- Why should I consider doing a posterior approach total hip replacement surgery?
- What are the main downsides of a posterior approach?
- What type of implants can be used through a posterior approach?
- What does it entail to have a total hip replacement surgery?
- What are the general complications of total hip replacement surgery?
- What is my activity level when I get home?
- What will be my activity after four weeks?
- How many posterior hip replacement surgeries is Dr. Boettner doing?
The posterior approach is a very versatile approach. It allows the surgeon to visualize any aspect of the hip and perform any type of reconstruction around the hip. In many patients, only a standard hip replacement is necessary, and in these cases often an anterior approach can be used with the same success rate as a posterior approach; however, whenever complex deformities or problems are encountered, the posterior approach usually is the preferred treatment option.

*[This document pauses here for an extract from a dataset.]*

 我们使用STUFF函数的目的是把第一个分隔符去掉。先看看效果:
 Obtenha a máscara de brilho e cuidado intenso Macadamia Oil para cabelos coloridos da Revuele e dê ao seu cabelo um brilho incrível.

A further advantage of the posterior approach is that both cemented as well as uncemented fixation is possible, that means the surgeon can during the procedure switch from an uncemented to a cemented fixation without changing his exposure or implant preparation.

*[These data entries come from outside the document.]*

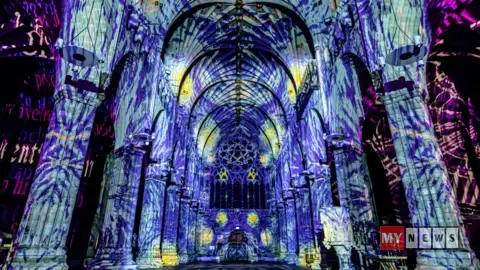 Last year the lightshow featured projections drawing onAnglo-Saxon manuscripts, art and architecture.
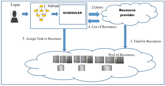 - Workflow submission: In order to schedule the workflow tasks, the workflow application is submitted to the workflow management system (WMS) by the user. The host machine, such as users’ laptops or a public resource, can hold the WMS.
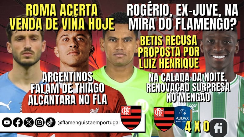 Descartados LA Galaxy (que se plantaba en la cesión), Fluminense y Corinthians, todas las miradas siguen apuntando a Flamengo, que filtraba contar con el beneplácito del zurdo para presionar en busca de una cesión remunerada con opción de compra, aunque maneja una partida de 14 kilos para contratarle. Las últimas noticias que llegan de la expedición 'rubro-negra' a Europa, conformada por presidente y director deportivo, hablan de cierto éxito con la Roma por Viña, con Rogério (Wolfsburgo) como 'plan B' para el lateral zurdo, así como de gestiones por Thiago Alcántara (Liverpool), pero no con el Betis, que se ha mostrado inflexible, insiste en el traspaso. Sin noticias de Palmeiras (debe vender antes a Kevin al Shakhtar) o de los otros pretendientes europeos de Luiz Henrique, la subasta se va quedando sin participantes poco a poco.

An additional benefit of a posterior approach is that should in the future a further revision be needed, any of these revisions can be performed through a posterior approach, and therefore all surgeries can be performed through the same approach which decreases the risk of dislocation following revision procedures.
The main downside of the posterior approach is that compared to an anterior approach often the first four weeks the rehabilitation is a little slower. Some patients with a posterior approach will have a similar progress in their early rehabilitation as patients with an anterior approach; however, in general, in my experience, the first two to three weeks the rehabilitation is a little bit slower. Having said this, at about four weeks, patients after a posterior approach usually reach a similar activity level as patients with an anterior approach. Patients with a posterior approach will have to observe hip precautions, that means they have to sit on a high chair, have to use a toilet seat elevation, and usually are recommended to use a pillow between the legs at night. We often also limit driving a car for some of our patients who undergo a posterior approach and will not allow them to drive within the first four weeks after surgery.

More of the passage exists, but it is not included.